Skip the pictures and write out, word for word, the lines below from the one with "A half-up braid" through the one with "Павловопосадский шерстяной платок", inclusive.

Given information:
------------------------

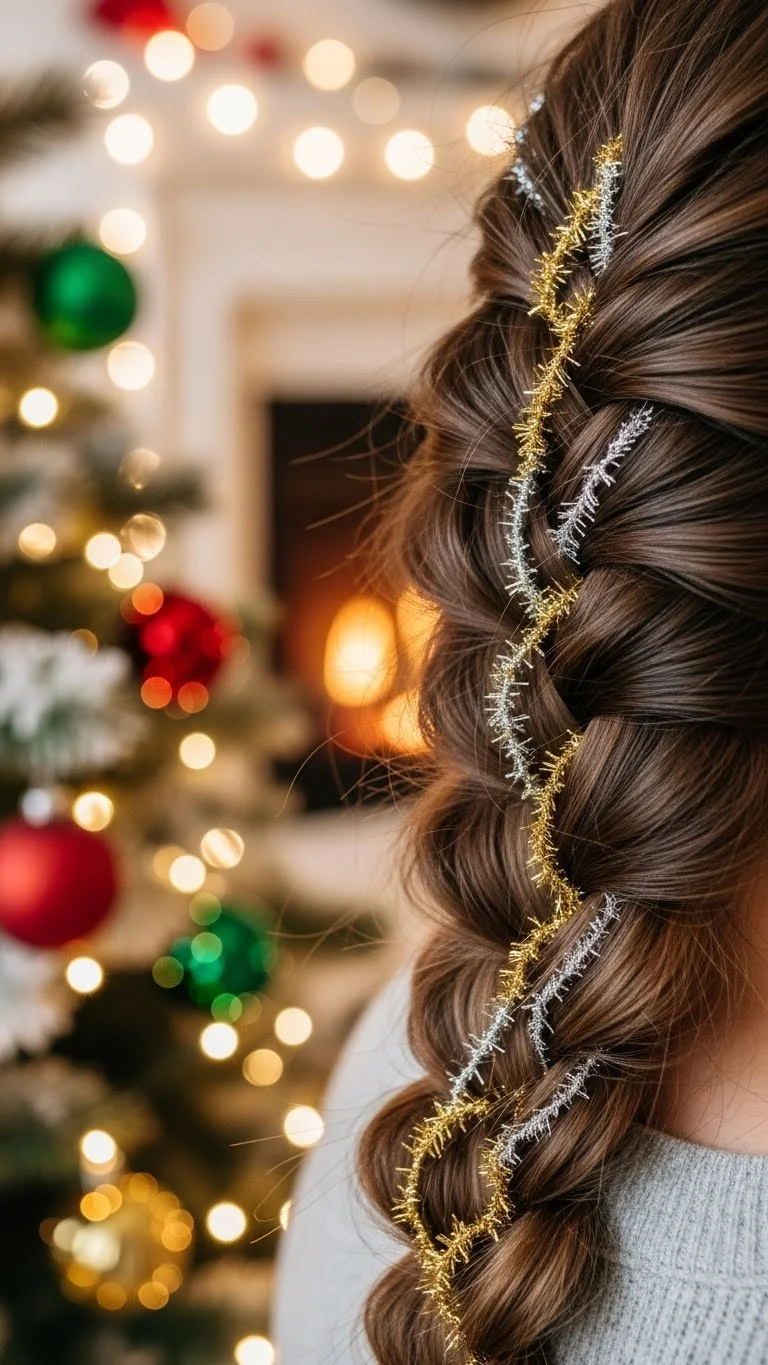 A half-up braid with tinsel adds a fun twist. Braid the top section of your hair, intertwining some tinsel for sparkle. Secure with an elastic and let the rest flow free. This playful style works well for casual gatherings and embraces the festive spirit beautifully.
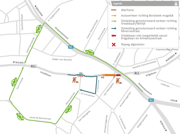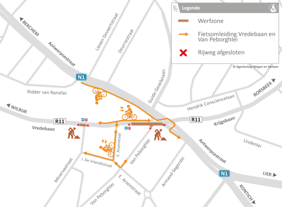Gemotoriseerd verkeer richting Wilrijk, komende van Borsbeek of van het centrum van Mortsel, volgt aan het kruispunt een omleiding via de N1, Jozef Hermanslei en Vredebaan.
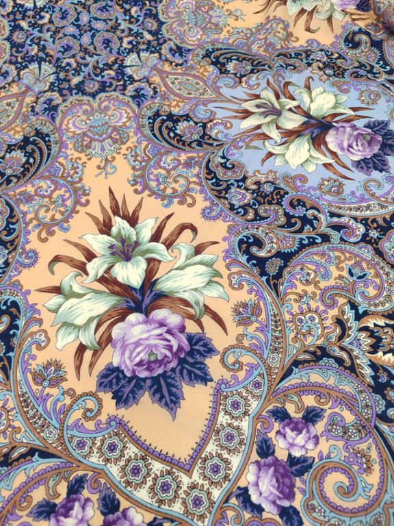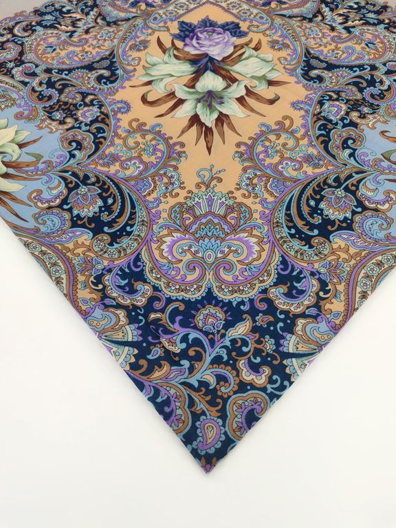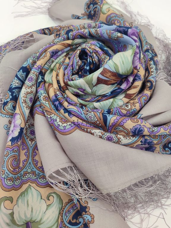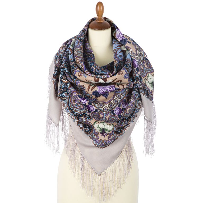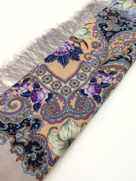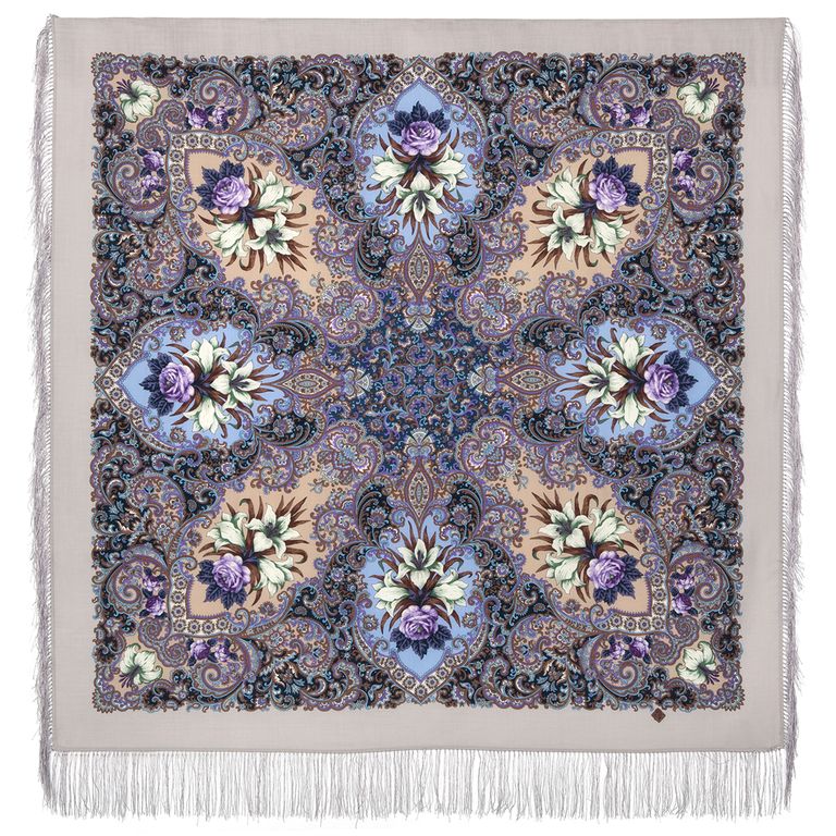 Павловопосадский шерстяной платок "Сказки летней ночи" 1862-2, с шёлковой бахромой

------------------------

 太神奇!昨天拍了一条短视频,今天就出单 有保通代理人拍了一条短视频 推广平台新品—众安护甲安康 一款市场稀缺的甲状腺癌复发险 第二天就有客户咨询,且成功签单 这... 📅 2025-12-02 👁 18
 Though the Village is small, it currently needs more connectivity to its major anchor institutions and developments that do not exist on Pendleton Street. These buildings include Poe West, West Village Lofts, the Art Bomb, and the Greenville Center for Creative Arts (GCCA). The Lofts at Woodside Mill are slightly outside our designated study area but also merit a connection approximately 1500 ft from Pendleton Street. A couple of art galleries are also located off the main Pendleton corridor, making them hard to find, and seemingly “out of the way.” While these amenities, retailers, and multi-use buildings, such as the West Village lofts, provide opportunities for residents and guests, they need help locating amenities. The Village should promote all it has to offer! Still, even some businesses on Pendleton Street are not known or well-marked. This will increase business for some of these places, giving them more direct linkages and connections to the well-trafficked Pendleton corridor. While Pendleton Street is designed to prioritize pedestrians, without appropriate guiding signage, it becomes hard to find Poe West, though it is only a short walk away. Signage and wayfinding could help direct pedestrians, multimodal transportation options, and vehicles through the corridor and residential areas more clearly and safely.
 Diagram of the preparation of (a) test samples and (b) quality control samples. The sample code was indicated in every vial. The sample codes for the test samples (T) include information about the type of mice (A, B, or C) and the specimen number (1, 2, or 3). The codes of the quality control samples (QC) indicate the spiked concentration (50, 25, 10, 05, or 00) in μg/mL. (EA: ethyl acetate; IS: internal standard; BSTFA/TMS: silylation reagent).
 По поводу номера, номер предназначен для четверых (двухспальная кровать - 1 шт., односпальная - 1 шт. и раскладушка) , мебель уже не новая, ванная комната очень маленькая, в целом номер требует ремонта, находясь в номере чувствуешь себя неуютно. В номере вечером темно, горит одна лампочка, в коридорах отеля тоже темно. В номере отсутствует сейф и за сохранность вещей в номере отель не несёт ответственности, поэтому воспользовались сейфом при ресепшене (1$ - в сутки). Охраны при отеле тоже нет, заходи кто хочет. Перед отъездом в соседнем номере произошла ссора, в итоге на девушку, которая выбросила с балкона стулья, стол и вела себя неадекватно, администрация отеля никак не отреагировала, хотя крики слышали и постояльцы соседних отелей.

------------------------

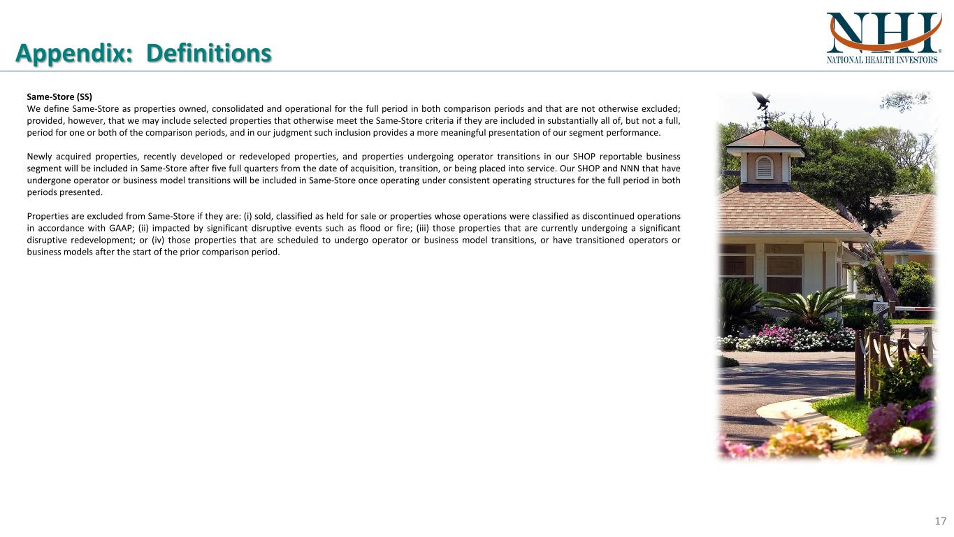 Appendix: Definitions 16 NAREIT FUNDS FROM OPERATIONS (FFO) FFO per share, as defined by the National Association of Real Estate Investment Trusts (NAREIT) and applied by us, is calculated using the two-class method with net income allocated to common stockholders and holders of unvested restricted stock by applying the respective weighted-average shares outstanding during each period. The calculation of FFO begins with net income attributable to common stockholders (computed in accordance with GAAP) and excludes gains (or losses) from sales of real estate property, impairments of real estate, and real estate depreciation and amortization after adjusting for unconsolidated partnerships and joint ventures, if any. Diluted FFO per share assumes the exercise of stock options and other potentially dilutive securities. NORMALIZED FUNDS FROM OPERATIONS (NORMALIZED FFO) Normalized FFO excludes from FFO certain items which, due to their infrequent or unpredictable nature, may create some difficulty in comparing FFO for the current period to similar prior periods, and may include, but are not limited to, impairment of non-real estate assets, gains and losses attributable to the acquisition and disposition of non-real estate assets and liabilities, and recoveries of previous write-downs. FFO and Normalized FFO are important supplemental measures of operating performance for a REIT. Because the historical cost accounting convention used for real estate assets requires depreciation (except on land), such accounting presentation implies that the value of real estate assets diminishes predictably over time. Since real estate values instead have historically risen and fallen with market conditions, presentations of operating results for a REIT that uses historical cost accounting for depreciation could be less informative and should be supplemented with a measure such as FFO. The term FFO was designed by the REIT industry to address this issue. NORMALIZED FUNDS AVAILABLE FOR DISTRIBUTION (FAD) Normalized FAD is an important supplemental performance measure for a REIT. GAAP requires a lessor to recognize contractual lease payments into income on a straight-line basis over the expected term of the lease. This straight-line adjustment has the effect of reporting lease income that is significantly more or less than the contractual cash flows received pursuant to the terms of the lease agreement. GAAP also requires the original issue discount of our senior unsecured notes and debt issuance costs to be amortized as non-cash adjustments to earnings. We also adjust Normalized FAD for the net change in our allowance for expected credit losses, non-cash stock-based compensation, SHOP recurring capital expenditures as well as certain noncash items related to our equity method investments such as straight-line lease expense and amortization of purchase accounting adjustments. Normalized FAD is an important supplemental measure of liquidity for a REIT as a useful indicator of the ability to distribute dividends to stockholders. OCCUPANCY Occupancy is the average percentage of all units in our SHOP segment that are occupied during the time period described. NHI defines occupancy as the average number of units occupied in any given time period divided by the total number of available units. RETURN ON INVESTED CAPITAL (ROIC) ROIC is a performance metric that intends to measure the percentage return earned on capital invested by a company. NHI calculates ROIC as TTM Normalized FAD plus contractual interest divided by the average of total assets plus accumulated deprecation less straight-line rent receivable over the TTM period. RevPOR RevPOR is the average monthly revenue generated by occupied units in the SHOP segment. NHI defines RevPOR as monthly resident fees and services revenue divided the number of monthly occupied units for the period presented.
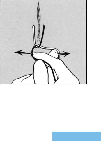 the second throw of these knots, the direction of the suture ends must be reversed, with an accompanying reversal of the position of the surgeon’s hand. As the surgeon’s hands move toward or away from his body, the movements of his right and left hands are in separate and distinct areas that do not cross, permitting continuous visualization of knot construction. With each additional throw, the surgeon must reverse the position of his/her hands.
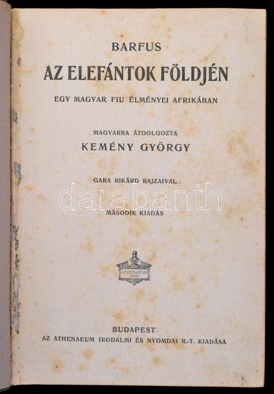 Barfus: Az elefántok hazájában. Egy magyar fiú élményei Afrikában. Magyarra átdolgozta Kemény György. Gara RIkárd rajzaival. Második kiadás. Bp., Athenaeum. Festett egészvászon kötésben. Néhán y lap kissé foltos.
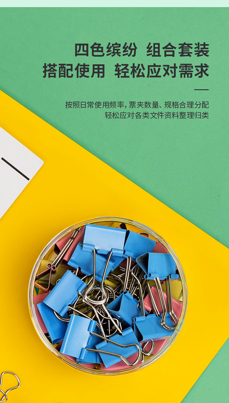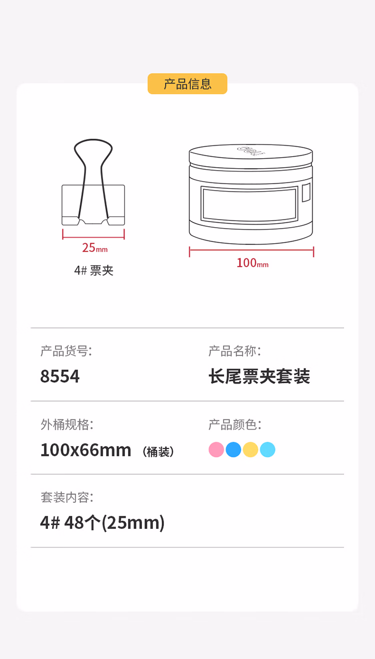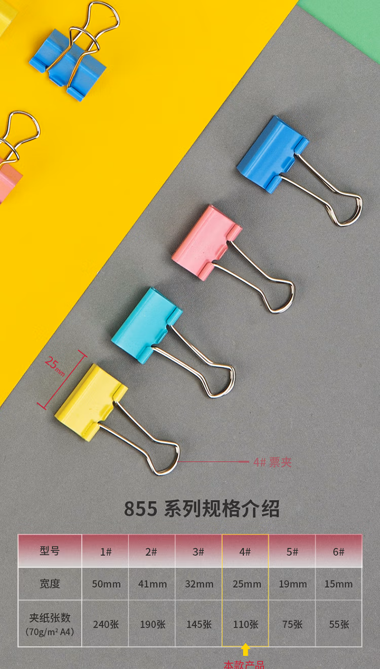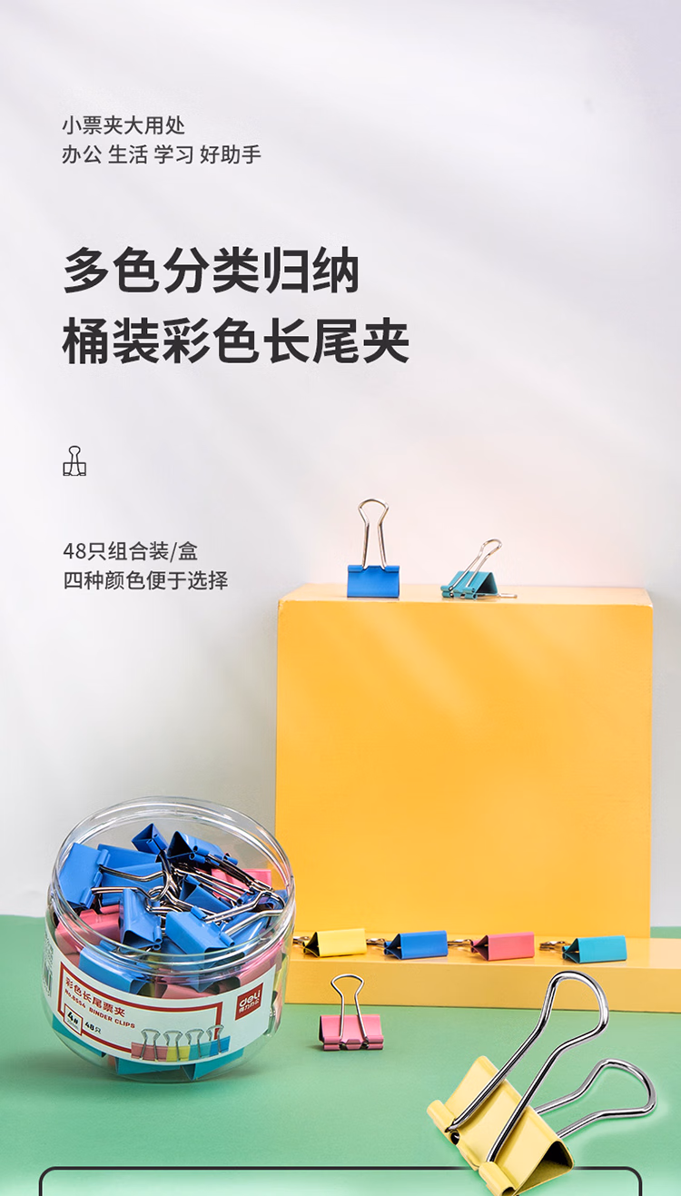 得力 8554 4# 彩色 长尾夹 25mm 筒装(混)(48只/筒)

------------------------

Output for this task:
 A half-up braid with tinsel adds a fun twist. Braid the top section of your hair, intertwining some tinsel for sparkle. Secure with an elastic and let the rest flow free. This playful style works well for casual gatherings and embraces the festive spirit beautifully.
Gemotoriseerd verkeer richting Wilrijk, komende van Borsbeek of van het centrum van Mortsel, volgt aan het kruispunt een omleiding via de N1, Jozef Hermanslei en Vredebaan.
 Павловопосадский шерстяной платок "Сказки летней ночи" 1862-2, с шёлковой бахромой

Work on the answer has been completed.